Des élèves multiredoublants, relégués, devenus superdiplomés

Bertrand Bergier, Ginette Francequin

 

Editions Erès. ISBN: 2-7492-0535-2 (2006) 23 €

Dernière de couverture

 Ils ont redoublé deux à cinq fois entre la maternelle et le bac, ils ont été orientés vers des cycles courts : sixième de transition, CPPN, CAP, BEP, ils ont parfois été rétrogradés ou ont décroché. Leur entourage n'imaginait pas qu'ils puissent « aller loin », voire les déclarait « incapables », « nuls », « inaptes aux études ». Et pourtant ces élèves ont tous validé au minimum un second cycle de l'enseignement supérieur : ici une maîtrise en sciences de la vie et de la terre, en lettres et arts, là un troisième cycle en sciences humaines et sociales ou en droit, ou encore ils sont devenus ingénieurs, médecins, avocats...

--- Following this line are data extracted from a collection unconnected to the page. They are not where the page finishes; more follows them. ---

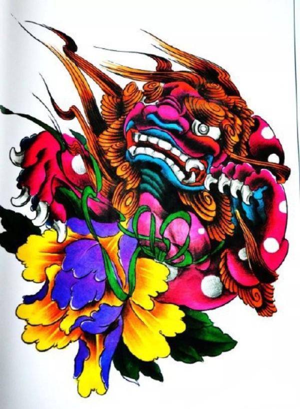 十几款彩色福狮唐狮的纹身手稿和线稿欣赏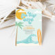 Le Grand ! Surfing Beach 1er anniversaire invitation avec vagues turquoise et surf orange.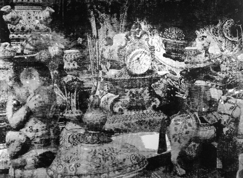 it doesn't seem to move forwards, but something happens nevertheless / 122cmx165cm / woodcut on paper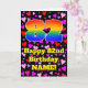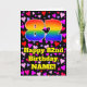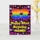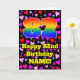A frente desta divertida e colorida carta de saudação do tema de aniversário apresenta um grande número "82" com um padrão inspirado no gradiente do espectro arco-íris, juntamente com a mensagem "Feliz 82º Aniversário", e um nome personalizável. O fundo da frente apresenta um padrão de formas cardíacas rosa, vermelha e roxa. O dentro tem uma mensagem de saudação de aniversário personalizada, ou talvez pudesse ser apagado e deixado vazio se uma mensagem fosse escrita manualmente. Um cartão de saudação de aniversário divertido e personalizável como este pode ser usado para celebrar o oitenta e segundo aniversário de alguém. [~Z0000551]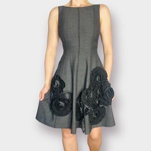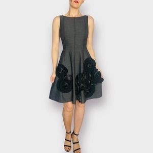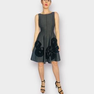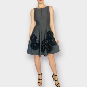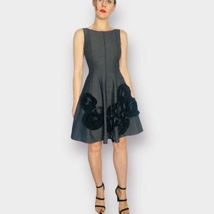 Fit and flare style cocktail dress. Back zip closure with low back. Dress has stretch and is fitted in bodice.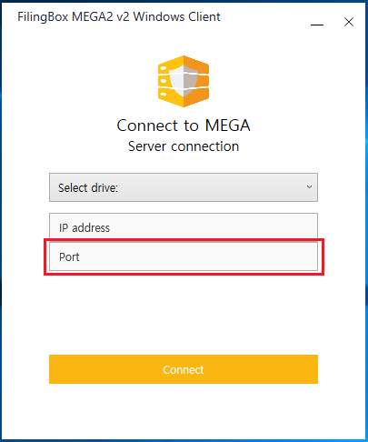 - 로그인할 FilingBox MEGA2 v2 Server의 port 정보 입력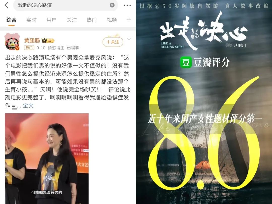 《出走的決心》在話題營銷上的力度有所不足。實際上,在映前路演階段,觀眾提問環節中所出現的性別對立發言,曾短暫地獲得小範圍的討論。但很明顯這一路徑火藥味太重,有被輿論反噬的風險。片方於後期還是選擇更安全的打法,專注於“做自己”“自愛”等女性自強口號。

Pourquoi et comment ces élèves, qu'ils soient issus de milieux populaires ou d'origine bourgeoise, malmenés au cours de leur traversée scolaire, parviennent-ils à accéder aux sommets de l'enseignement supérieur ? Quelles ont été les conditions et les dynamiques de ces parcours scolaires atypiques ? Même si ces itinéraires ne concernent qu'une minorité, l'analyse conduite par Bertrand Bergier et Ginette Francequin est porteuse d'espoir pour tous les jeunes en délicatesse aujourd'hui avec l'école. Parents, éducateurs, enseignants, professionnels de l'orientation scolaire trouveront là matière à réfléchir sur les outils à leur disposition, les passerelles existantes ou à créer, les relations qu'ils établissent avec les jeunes, la manière dont ils peuvent valoriser les compétences et éviter les jugements définitifs.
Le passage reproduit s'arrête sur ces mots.